Biczem na drony staje się zwykły karabin. Nowe pociski może produkować także Polska

- W teorii budujemy armię dronów, ale w rzeczywistości mamy tu wciąż ogromne zaległości. Tymczasem wojna Rosji z Ukrainą pokazuje, jak ważny i konieczny jest to oręż.
- Niewiele mamy też systemów do zwalczania dronów, zwłaszcza tych najgroźniejszych FVP (first person view - widok z pierwszej osoby) - małych, zwrotnych i precyzyjnych.
- Ukraińcy opracowali specjalną amunicję strzelecką, dzięki której każdy żołnierz będzie mógł się skuteczniej bronić przed dronami. To ważny sygnał dla naszej zbrojeniówki.
Wojna w Ukrainie pokazała, że nawet niewielkie bezzałogowce, kupowane za nieduże pieniądze, mogą niszczyć cele warte fortunę. Drony, traktowane jeszcze niedawno jak zabawki, stały się już prawdopodobnie najważniejszym orężem walki we współczesnej wojnie.
Polska w teorii wyciągnęła z tego wnioski. Od 1 stycznia 2025 r. w armii funkcjonują wojska dronowe, których budowa, jak powiedział wicepremier i minister obrony narodowej Władysław Kosiniak-Kamysz, jest absolutnym priorytetem.
- Wojska dronowe są przyszłością polskiej armii, przyszłością wszystkich rodzajów sił zbrojnych, będą w nich setki tysięcy dronów: latających, naziemnych, nawodnych i podwodnych - powiedział wicepremier, zapowiadając budowę armii dronów.
Do końca 2024 r. Agencja Uzbrojenia podpisała ponad 100 umów na systemy bezzałogowe, które wpisują się w budowę armii dronów i są ważną częścią strategii modernizacji i rozbudowy polskich sił zbrojnych w obszarze bezzałogowych statków powietrznych.
Tak naprawdę jednak naprawdę duże inwestycje w bezzałogowe systemy powietrzne, wpisujące się w strategię budowy wojsk dronowych, to dopiero kwestia najbliższych lat. W połowie maja 2025 r. podpisano umowę ramową pomiędzy Agencją Uzbrojenia, a firmą WB Electronics na dostawę 1000 zestawów dronów Warmate (amunicja krążąca), po 10 dronów w każdym zestawie. Łącznie to 10 000 szt. amunicji krążącej.

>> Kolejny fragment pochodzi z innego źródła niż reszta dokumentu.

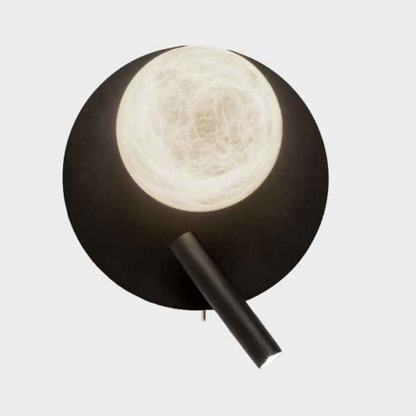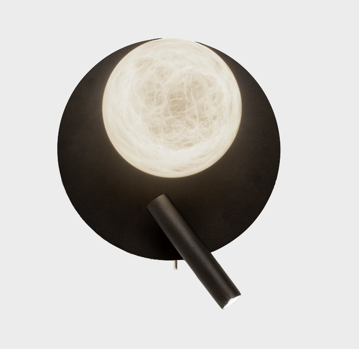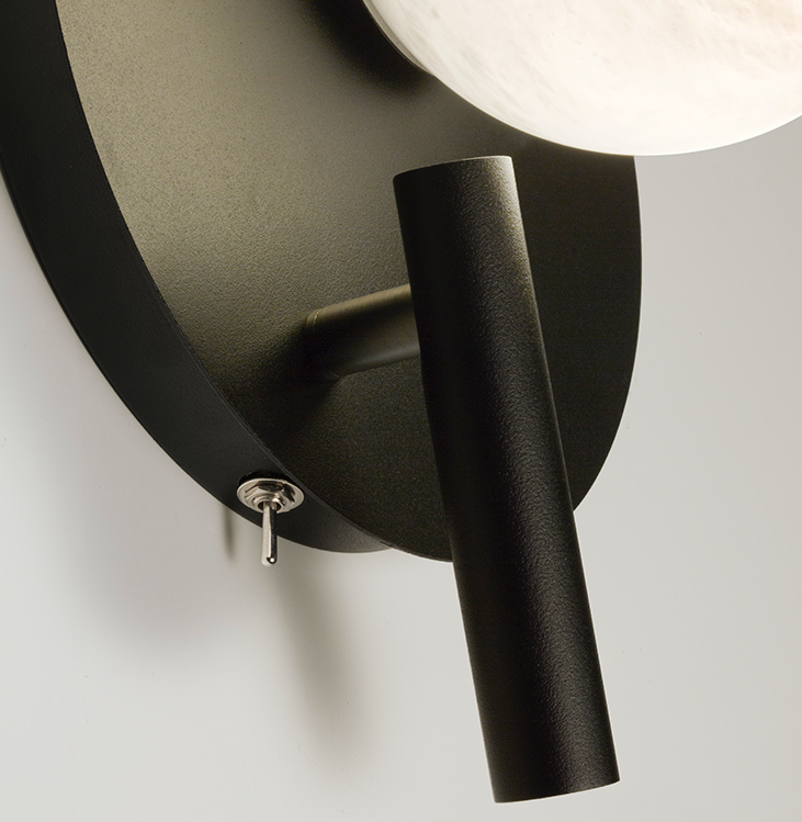 Due to the design of the luminaire and the position of the reader, it allows the same piece to be placed both on the right or left side of the bed, with the reader beneath the sphere or on the side of it, making it widely polyvalent.
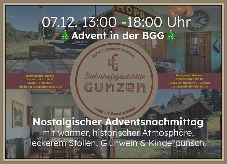 Herzliche Einladung zum NOSTALGISCHEN ADVENTSNACHMITTAG IN DER BAHNHOFSGASTSTÄTTE (BGG) GUNZEN am kommenden Sonntag, 07.12., dem 2. Advent, von 13 bis 18 Uhr. Schaut gerne vorbei!
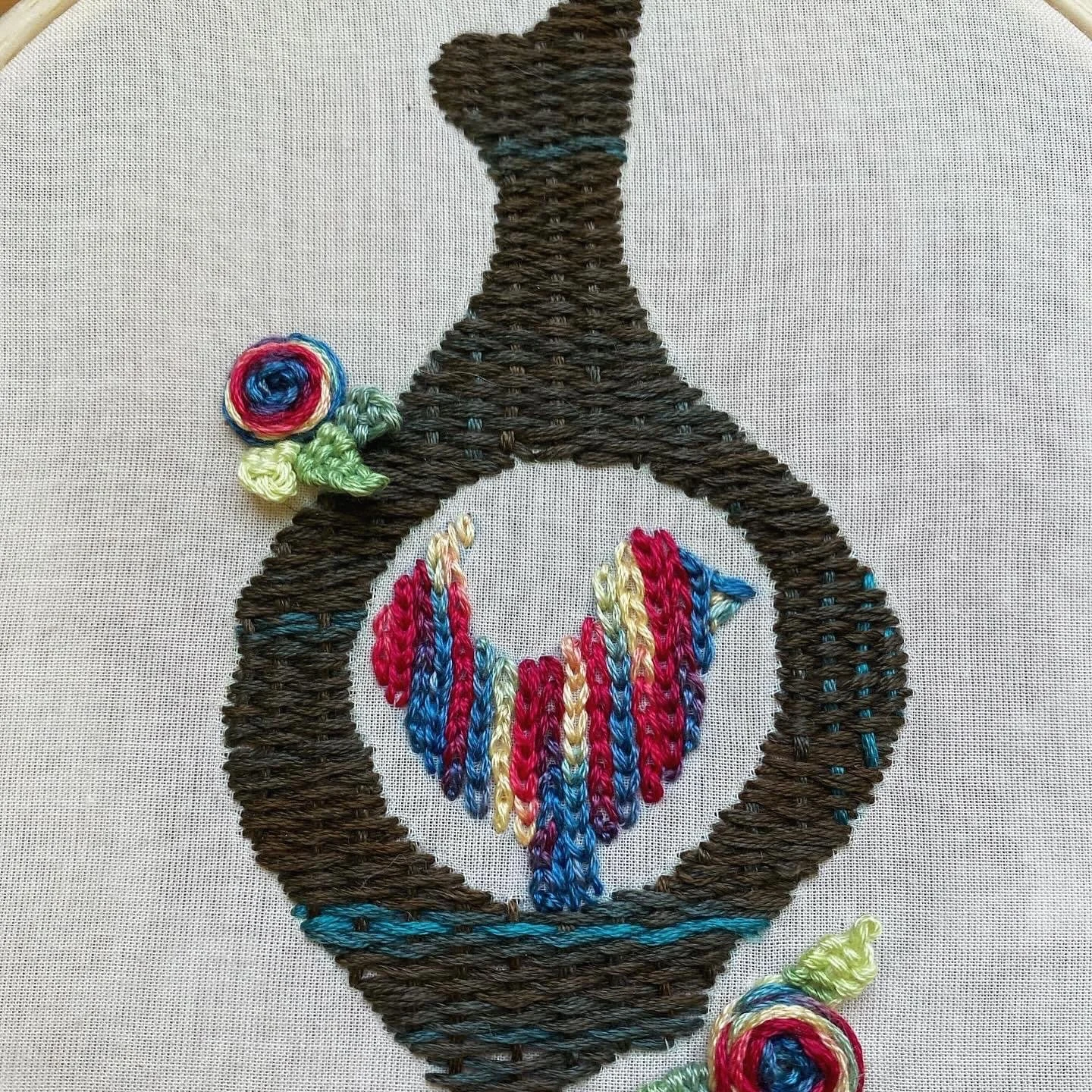 The weaverbird is our mascot (naturally) so I used woven embroidery to portray it.
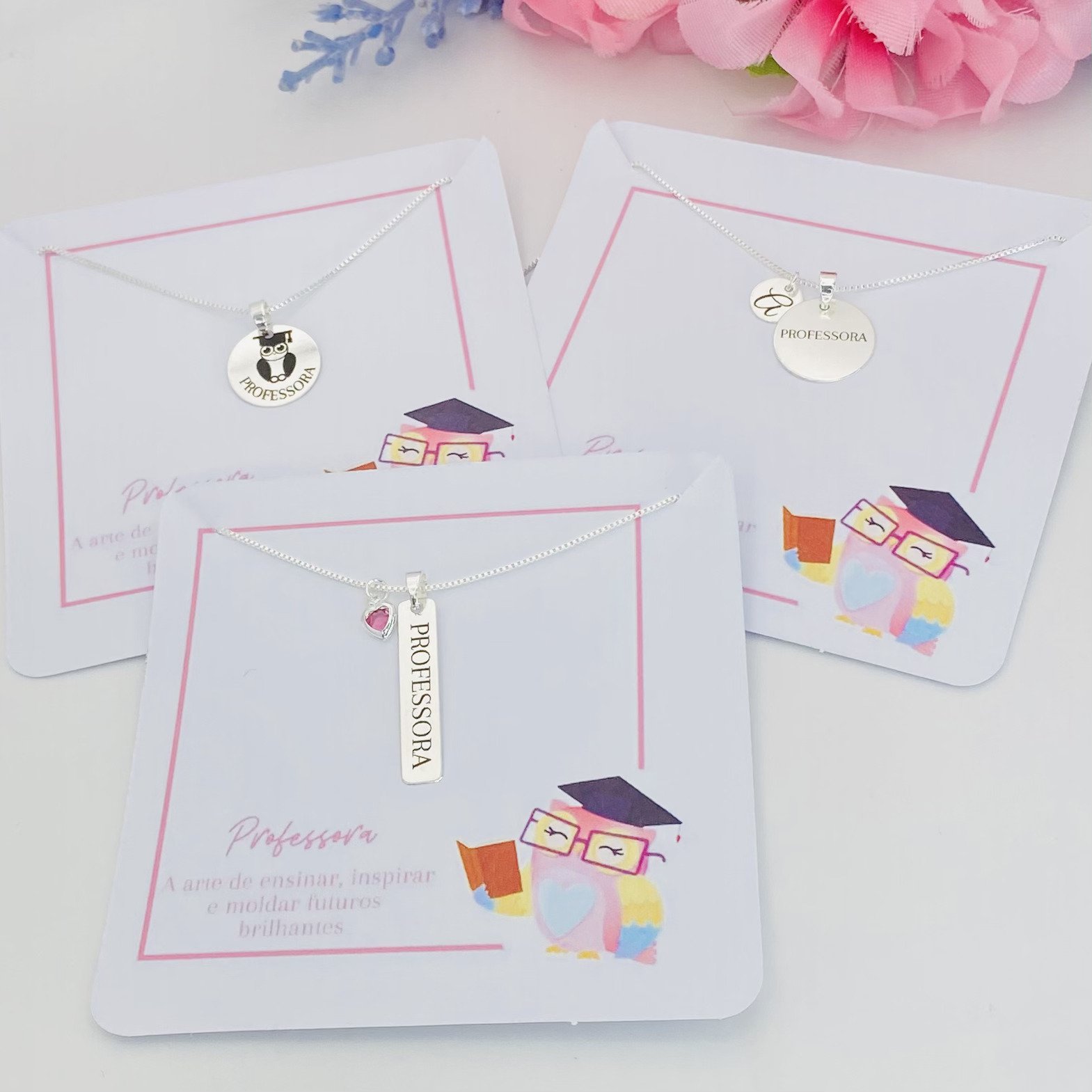 - medalha gravada a laser "professora" + medalha pp com inicial da sua escolha.
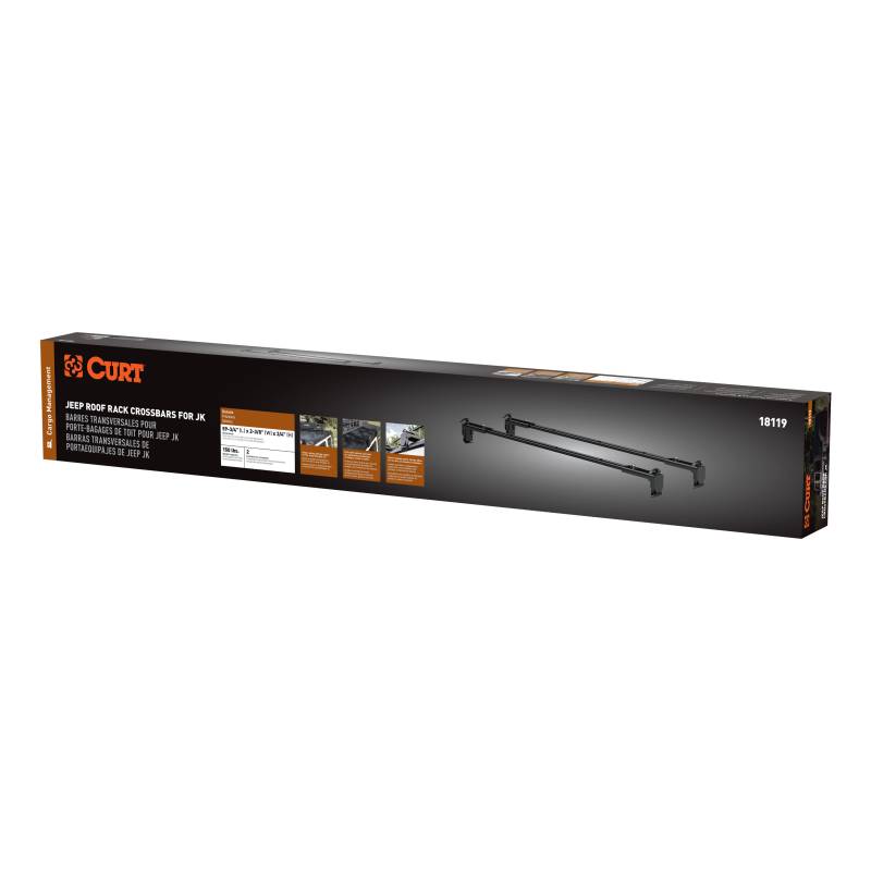 CURT Jeep roof rack crossbars make your Jeep Wrangler JK ready for any adventure. They quickly clamp onto the roof and create an entirely new storage space for a wide variety of cargo. The unique feature of these cargo brackets is their quick-release clamps. The ends of each bracket are equipped with a gutter clamp that securely mounts onto the roof gutters whenever needed. The brackets can then be loaded with a cargo carrier, basket, kayak racks or other items. The clamps are constructed from powder-coated steel for maximum strength, and they help keep your cargo fully secure no matter where the trail takes you. When the adventure ends, the brackets can easily be removed by simply pulling clamp latches. CURT Jeep roof rack crossbars also have a fully slotted channel. The slots can accept bolts or hardware from a roof rack cargo carrier or any number of straps, ropes or bungees. With multiple slots spanning the length of the bracket, straps can also easily be adjusted. CURT Jeep roof rack crossbars are rated for a maximum capacity of 150 lbs. They come with all necessary hardware and require no drilling or vehicle modification for installation. They are designed to fit the Jeep Wrangler JK (compatible with hardtop only). Two brackets are included per package.
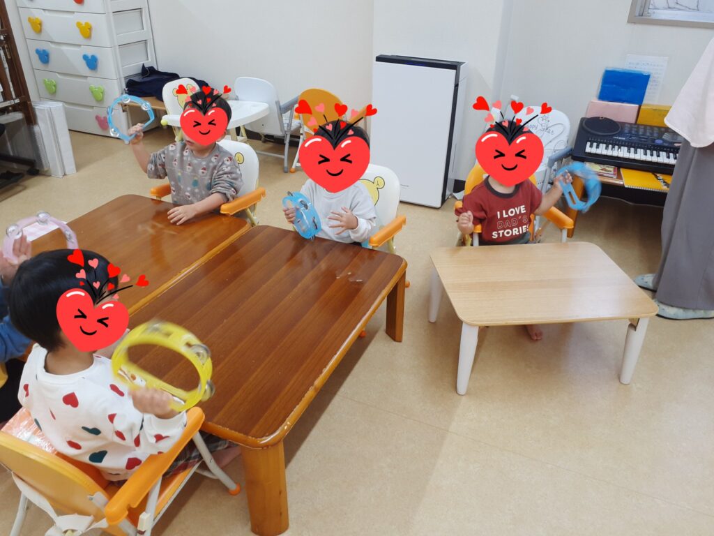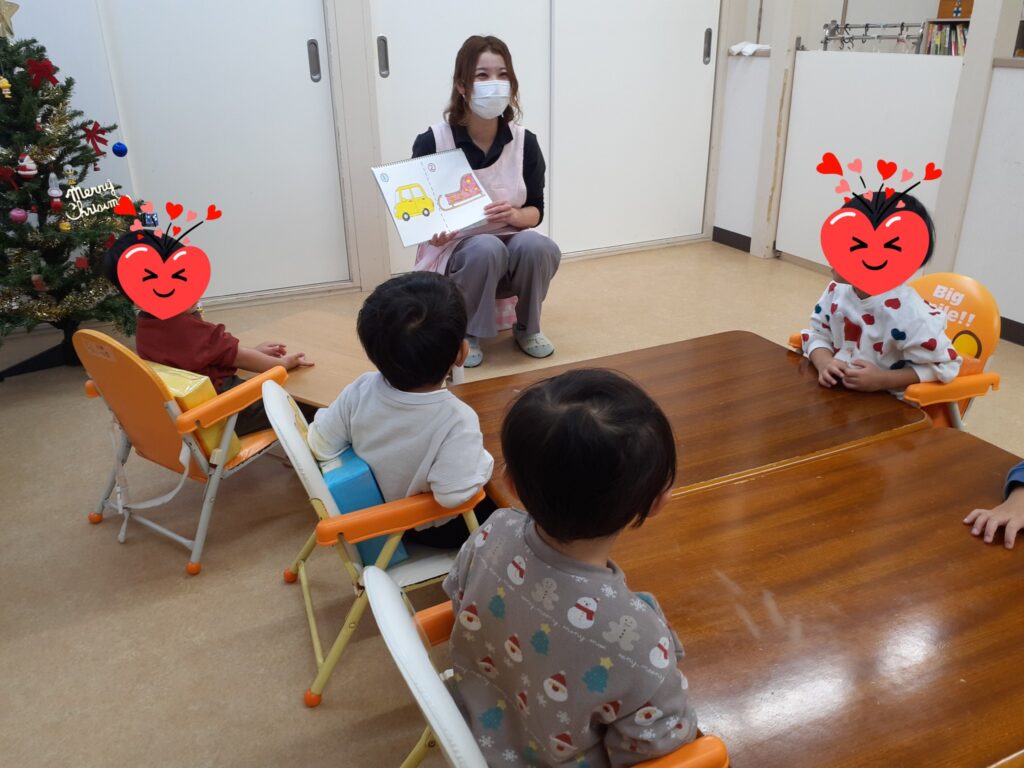 保育士が用意したクイズや、クリスマスの曲に合わせてタンブリンで皆で楽しく演奏しました!

Tyle że umowa ta obowiązuje do 2035 r., a umowy wykonawcze będą podpisywane cyklicznie, aby pozyskiwać najnowsze w danym momencie wersje tych dronów kamikadze.
Dodajmy, że w ramach wcześniejszej umowy ramowej z 2023 r. na drony rozpoznawcze FlyEye podpisano już z ta sama firmą trzy umowy wykonawcze, zamawiając w 2024 r. łącznie 104 takie drony. Wojsko chce kupić 272 takie urządzenia.
Wojsko Polskie zamawia coraz więcej dronów, ale to wciąż kropla w morzu potrzebDo tego wojsko zamówiło 4 zestawy systemów rozpoznawczo - uderzeniowych Gladius z dronami FT-5 Łoś i będzie lizingować jeden zestaw amerykańskich dronów rozpoznawczych MQ-9A Reaper o zasięg do 1800 km, które mogą pozostawać w powietrzu przez 27 godzin, jako rozwiązanie pomostowe do czasu zakupu własnych dronów klasy MALE (mogących przebywać w powietrzu co najmniej przez kilkanaście godzin. Koszt tej umowy z 2022 r. to 70,6 mln dol. netto (ok. 326 mln zł brutto).
Kupiliśmy też 4 zestawy dronów Bayraktar TB2 (po 6 dronów każdy), czyli 24 bezzałogowe statki powietrzne wraz z uzbrojeniem od Turcji. Razem z radarami SAR, symulatorami, częściami zamiennymi i pakietem szkoleniowym zapłaciliśmy ok. 270 mln dol. (ponad 1 mld zł). Dostawy zakończono w maju 2024 r. Obecnie Bayraktary są na wyposażeniu 12. Bazy Bezzałogowych Statków Powietrznych w Mirosławcu.
Wojsko zamówiło też 25 zestawów (każdy po 4 maszyny) mini rozpoznawczych dronów NeoX-2 Duch w programie Wizjer w 2021 r. Koszt umowy tych dronów rozpoznania obrazowego na szczeblu batalionu, z czasem lotu ponad 3 godziny i zasięgiem do 35 km, to 174 mln zł. Łącznie kupimy 100 bezzałogowców, z których pierwsze dwa zestawy wojsko dostało w maju 2025 r. Pozostałe mają zostać przekazane do 2027 r.
W arsenale mamy jeszcze ok. 40 izraelskich bezzałogowców Orbiter 2B. Od kilku lat czekamy też na zamówione w 2018 r. 12 zestawów bezzałogowych systemów powietrznych PGZ-19RA Orlik - każdy po 5 platform powietrznych czyli 60 maszyn.
Zakup obejmuje 8 zestawów podstawowych (40 dronów) oraz opcję na 4 dodatkowe zestawy (20 dronów). Miały być już w 2021 r., potem w 2023 r., a teraz MON zadeklarowało, że dostawy Orlików rozpoczną się w 2026 r.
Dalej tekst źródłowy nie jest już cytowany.